雖然只有一個字,但那個字裡,有她全部的信任、全部的期待、全部的、想要和大家一起走下去的願望。
羽澤咖啡店的燈光溫暖地籠罩著六個人。窗外,夜色已深,街燈串成溫暖的河流。店內,輕柔的音樂還在流淌,杯中的飲品還殘留著餘溫。

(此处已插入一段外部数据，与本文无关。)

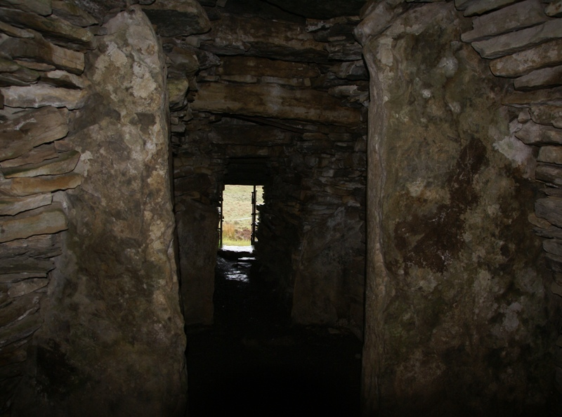 Grey Cairns of Camster, Caithness, Scotland - Camster Long Cairn, interior northern chamber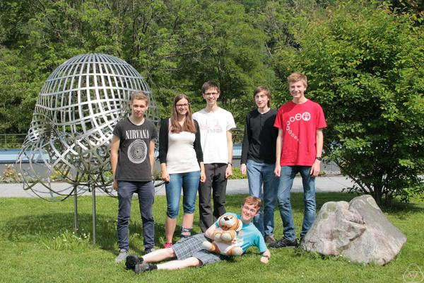 The German team for the IMO 2016, photo from the final team selection seminar at the Mathematical Research Institute of Oberwolfach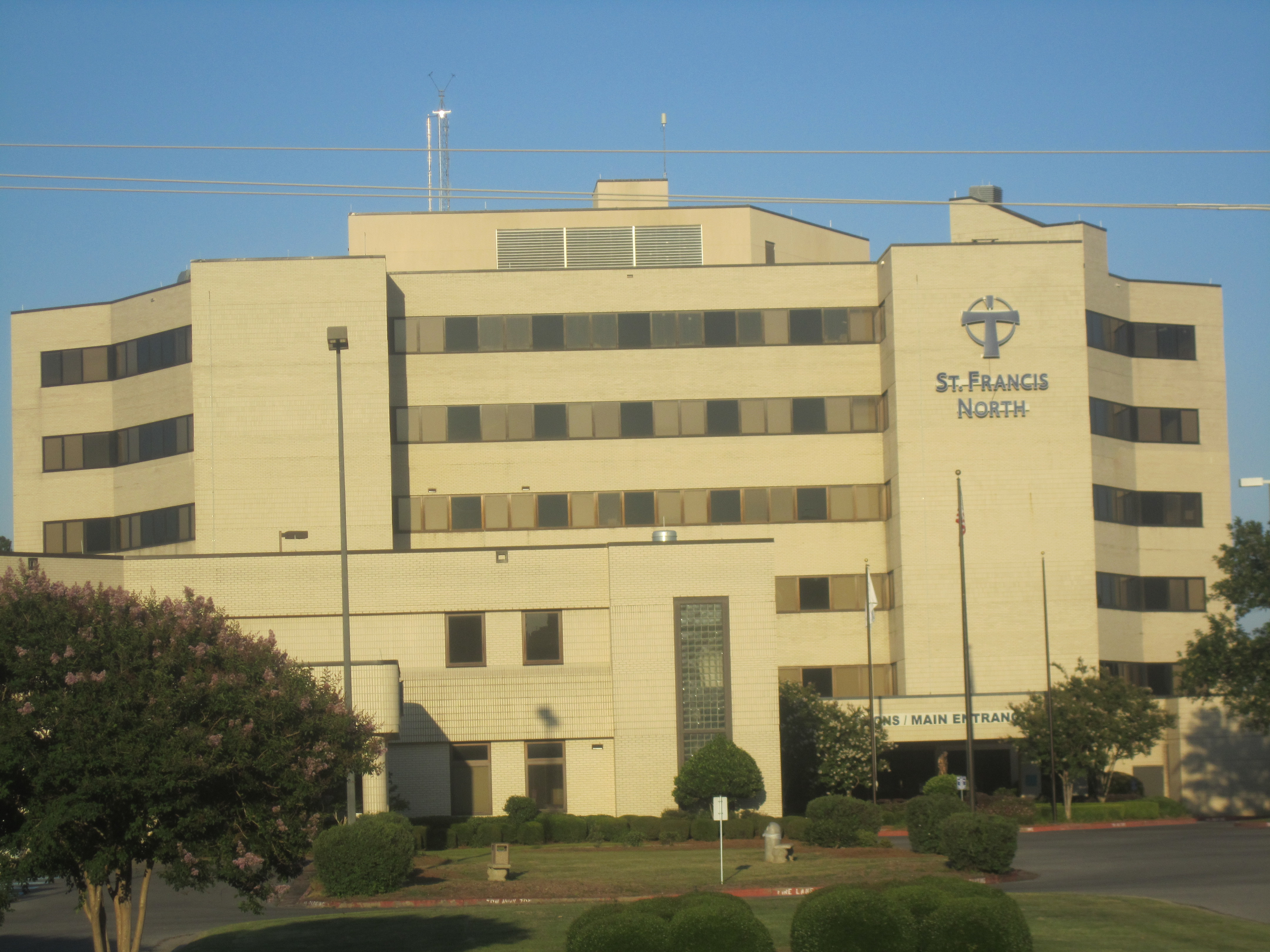 I took photo of St. Francis North Hospital off U.S. Highway 165 in Monroe, LA, with Canon camera.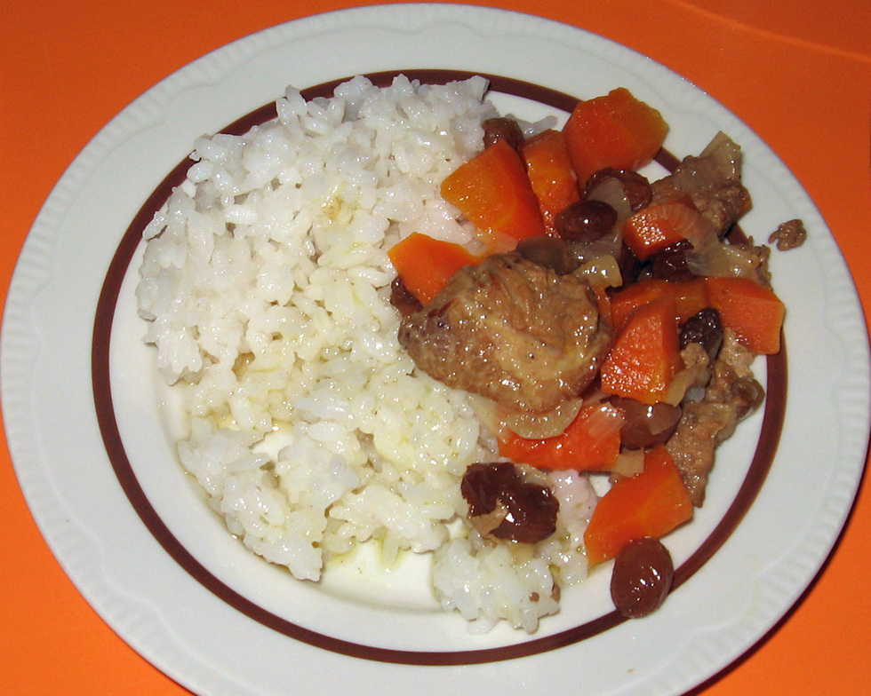 Tzimmes self-made (with rice) Беларуская (тарашкевіца): Цымес уласнага прыгатаваньня з рысам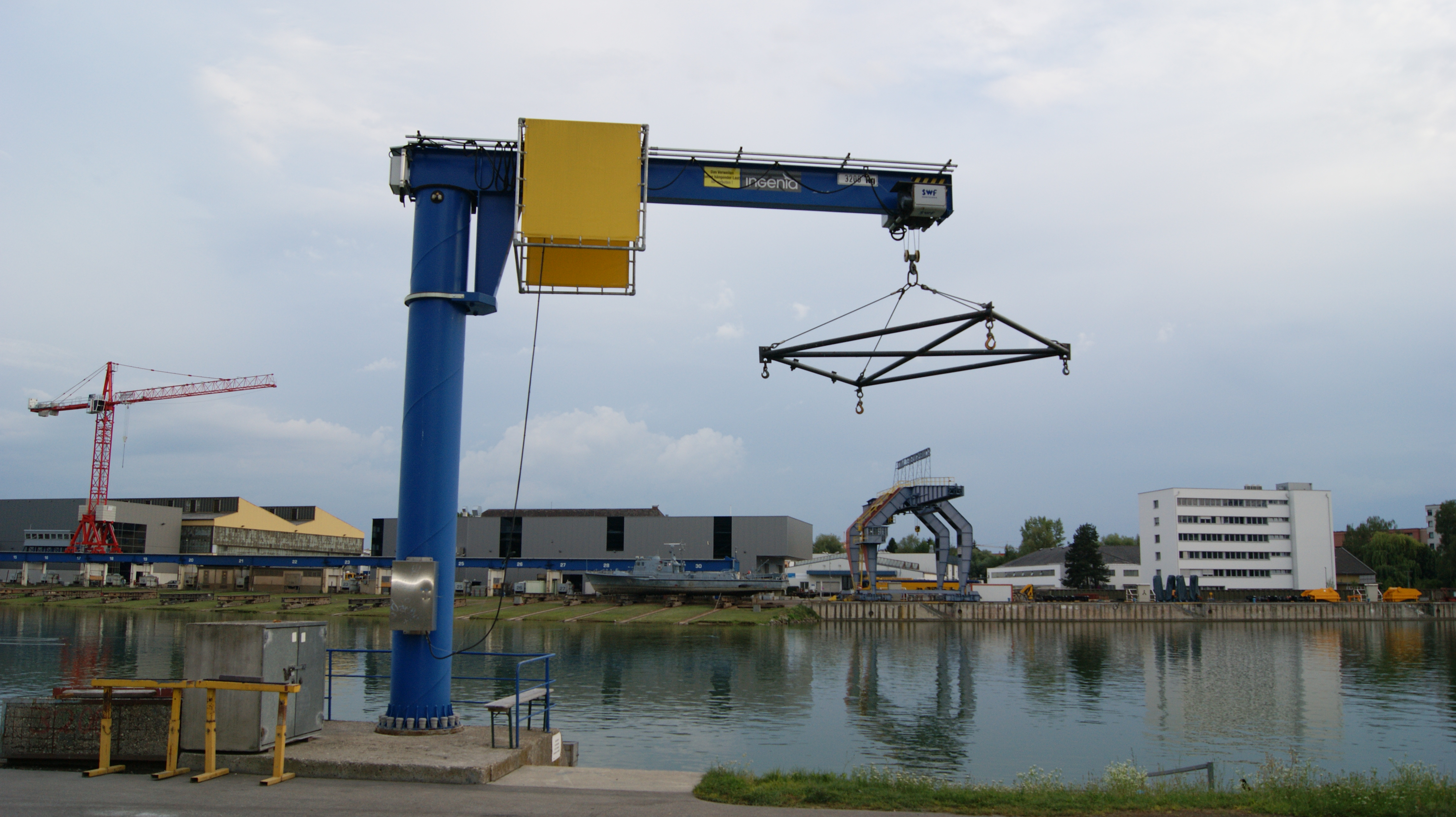 Austrian shipyards AG (ÖSWAG) in Linz (Upper Austria) at the winter harbor.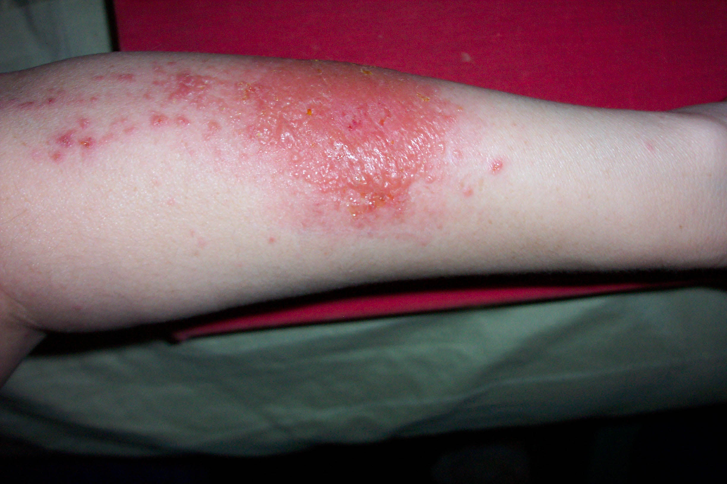 Public Domain, I took this photo of my arm for public domain.

祥子拿起自己的汀布拉奶茶,喝了一大口,然後滿足地嘆了口氣。
“真好喝~”她的情緒已經完全恢復了,或者說,那短暫的哭泣之後,她整個人反而更加明亮了
“柒月選的果然沒錯。”
柒月看了她一眼,祥子只是想誇他一句罷了,柒月也就沒有必要點出這是她上一次選的。
素世端起面前的大吉嶺紅茶,小口啜飲。茶香在口中瀰漫,溫暖順滑。她覺得,這杯茶,比她任何一次泡的都更好喝。
立希喝完最後一口咖啡,放下杯子,看了一眼時間。
“差不多了吧?”
素世點點頭:“嗯,今天就這樣吧。”
祥子雖然有些不捨,但也知道分寸。她站起身,拿起自己的通學包。
“那大家下週見!等曲子寫好了,我第一時間告訴大家!”
立希也站起來,背起鼓棒包。她走到櫃檯邊,準備結賬——但柒月已經提前付過了。
“剛才點單的時候一起結了。”柒月說。
立希愣了一下,然後點點頭,簡短地說了句“謝了”,便推門走了出去。
素世和燈一起站起來。素世拿起通學包,看向燈:“我送燈到車站吧”
燈點點頭。
睦也站起身,準備離開。
祥子最後一個出門,她站在門口,回頭對店內揮了揮手:“羽澤前輩,再見~下次我會去看你的Live的!”
櫃檯後的羽澤鶇微笑著揮手回應。